Une consolidation possible…
De même, la revendication pour l’égalité des droits, parfaitement justifiée, devient confuse dans la définition des moyens pour l’obtenir lorsqu’il s’agit de l’égalité de traitement face à la police et à la justice. Et là, il n’est pas sûr qu’un bilan ait été tiré. La longue liste des beurs abattus et l’échec systématique des mouvements en vue d’imposer un rapport de force lors des procès n’a pu permettre d’explorer d’autres voies afin d’inscrire ce droit dans la réalité. Encore une fois, accepter ou choisir d’organiser des manifs dignes et silencieuses après chaque « bavure », ne suscite, au mieux, qu’une commisération de pure forme dans une opinion publique largement conditionnée par d’autres thèmes (insécurité, immigration et laxisme de la justice). En ces temps d’érosion prononcée de la « culture démocratique »,de tels choix paraissent suicidaires.

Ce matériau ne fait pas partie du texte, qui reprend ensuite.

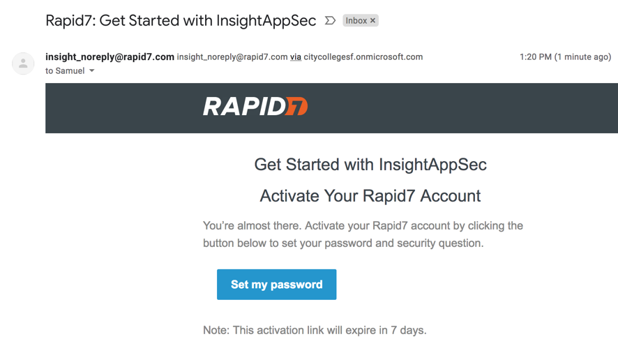 Check your email. Find the message similar to the one shown below, and click the button to set up your account.

Le problème réside donc moins dans la tentative de faire rentrer ce droit à l’existence dans un cadre législatif (loi pénalisant les crimes à mobile raciste ; possibilité pour les associations de se porter partie civile…) que dans la manière selon laquelle on tente de l’imposer.

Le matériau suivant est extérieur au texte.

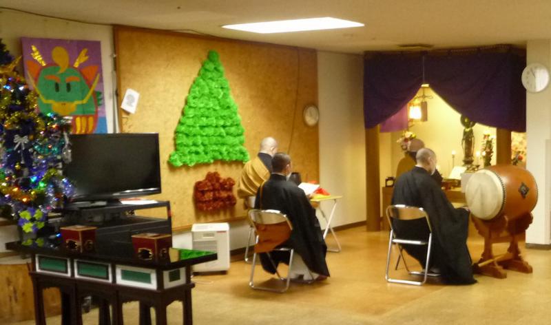 12月4日(水)、 花の里にて成道会法要が執り行われました。当施設の所長、生活相談員、主事、介護員にて読経をさせて頂きました。読経後に利用者様に対して、生活相談員より「成道会とは、お釈迦様がお悟りを開いた事を記念して行われる法要である事」「お釈迦様は臘月(旧暦12月)8日にお悟りを開かれた事」「悟りを開くとは、自分を認識し、自分という存在に気付く事」「一日一日を大切に生きて頂きたい事」「寒くなってきており感染症等が流行する時期でもある為、体に気を付けて生活して頂きたい事」等を話して頂きました。利用者様は生活相談員からの話を真剣に聞いておられました。利用者様にも焼香をして頂き、一人一人丁寧に手を合わせておられました。

Si l’explosion, les riots de l’été 81 n’avaient, en l’absence de relais organisationnel et programmatique, que peu de chance de consolider l’antagonisme et l’identité des jeunes issus de l’immigration ; il semblerait que maintenant, sur la base des acquis que représentent ces Assises, un retour à des options plus offensives contribuerait à donner ce second souffle qui manque si cruellement aux beurs.
« On ne demande rien d’autre que la justice » déclaraient les mères des jeunes immigrés assassinés le 21 mars devant les grilles de Badinter. Et si sa justice pouvait être autre chose que le bras armé de l’état ?
(1) Seule « victoire » : le renvoi en Assises du CRS Taillefer. Mais, dans le contexte, il est fort possible que les jurés populaires, traditionnellement favorables à la police, l’acquittent.
(2) Pour le moment, cette fameuse « spécificité » culturelle des beurs est très en retrait par rapport à ce qui se passe en Grande-Bretagne. Im’média Mai/ juin 84 « Black is political » : « black n’est pas une couleur de peau. Black c’est une situation politique et sociale dans la société anglaise ».